INPUT RECORDS section start

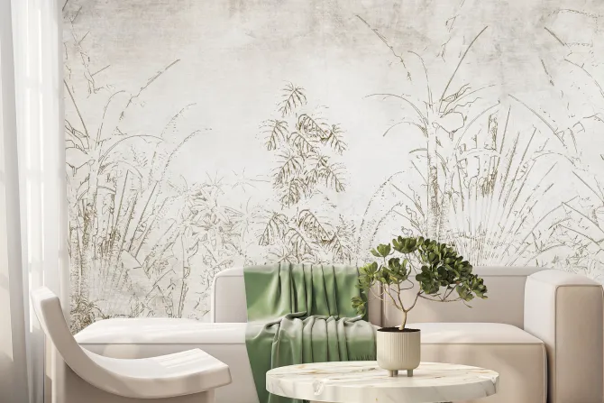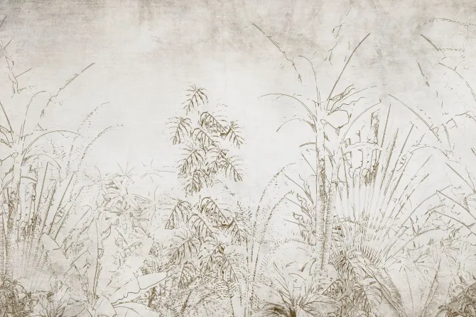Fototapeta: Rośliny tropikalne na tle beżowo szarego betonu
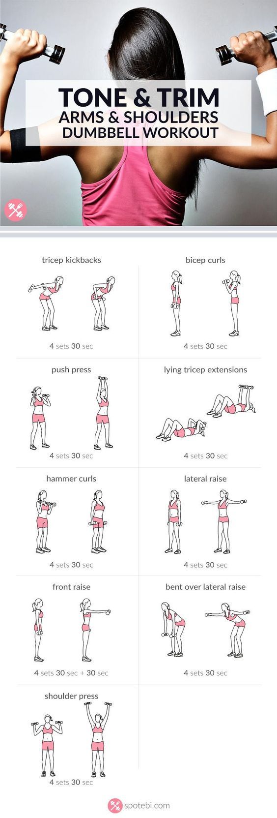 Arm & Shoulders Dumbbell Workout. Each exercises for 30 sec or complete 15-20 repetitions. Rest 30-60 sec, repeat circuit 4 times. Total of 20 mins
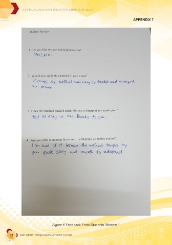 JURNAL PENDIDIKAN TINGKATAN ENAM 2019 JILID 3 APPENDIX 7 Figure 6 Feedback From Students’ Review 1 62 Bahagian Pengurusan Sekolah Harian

INPUT RECORDS section end
INPUT RECORDS section start

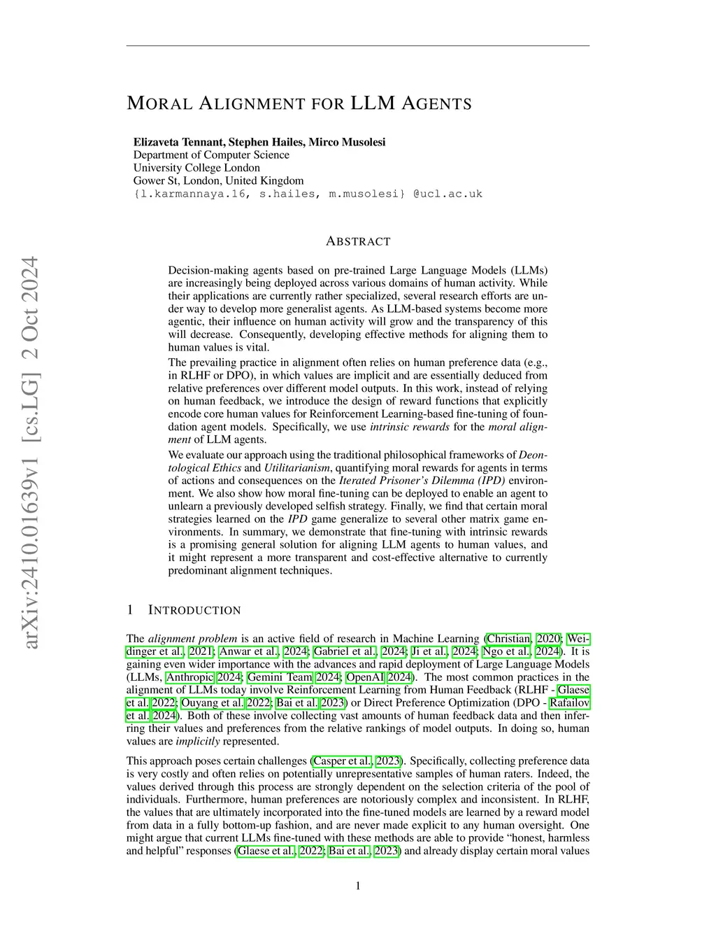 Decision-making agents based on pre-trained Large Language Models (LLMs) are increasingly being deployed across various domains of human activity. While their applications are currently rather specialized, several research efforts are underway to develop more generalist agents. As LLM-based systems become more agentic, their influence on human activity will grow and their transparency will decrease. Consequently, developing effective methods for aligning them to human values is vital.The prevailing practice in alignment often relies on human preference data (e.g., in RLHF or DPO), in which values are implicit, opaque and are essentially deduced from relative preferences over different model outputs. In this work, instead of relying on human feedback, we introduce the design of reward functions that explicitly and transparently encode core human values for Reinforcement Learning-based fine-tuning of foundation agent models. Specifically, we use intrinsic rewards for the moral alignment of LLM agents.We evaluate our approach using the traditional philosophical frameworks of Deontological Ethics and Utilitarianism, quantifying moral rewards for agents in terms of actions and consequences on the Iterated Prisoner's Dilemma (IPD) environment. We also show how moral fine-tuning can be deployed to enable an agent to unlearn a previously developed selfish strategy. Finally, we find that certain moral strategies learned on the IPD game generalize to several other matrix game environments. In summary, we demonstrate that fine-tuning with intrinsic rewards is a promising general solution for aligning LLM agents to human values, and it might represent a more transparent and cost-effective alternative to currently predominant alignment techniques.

INPUT RECORDS section end

● **ABOUT THIS EXERCISE**
Output exactly those lines of the data above that run from the line with "Fototapeta: Rośliny tropikalne" up to and including the line with "JURNAL PENDIDIKAN TINGKATAN". No pictures go in.

● **SOLUTION FOR THIS PROBLEM**
Fototapeta: Rośliny tropikalne na tle beżowo szarego betonu
 Arm & Shoulders Dumbbell Workout. Each exercises for 30 sec or complete 15-20 repetitions. Rest 30-60 sec, repeat circuit 4 times. Total of 20 mins
 JURNAL PENDIDIKAN TINGKATAN ENAM 2019 JILID 3 APPENDIX 7 Figure 6 Feedback From Students’ Review 1 62 Bahagian Pengurusan Sekolah Harian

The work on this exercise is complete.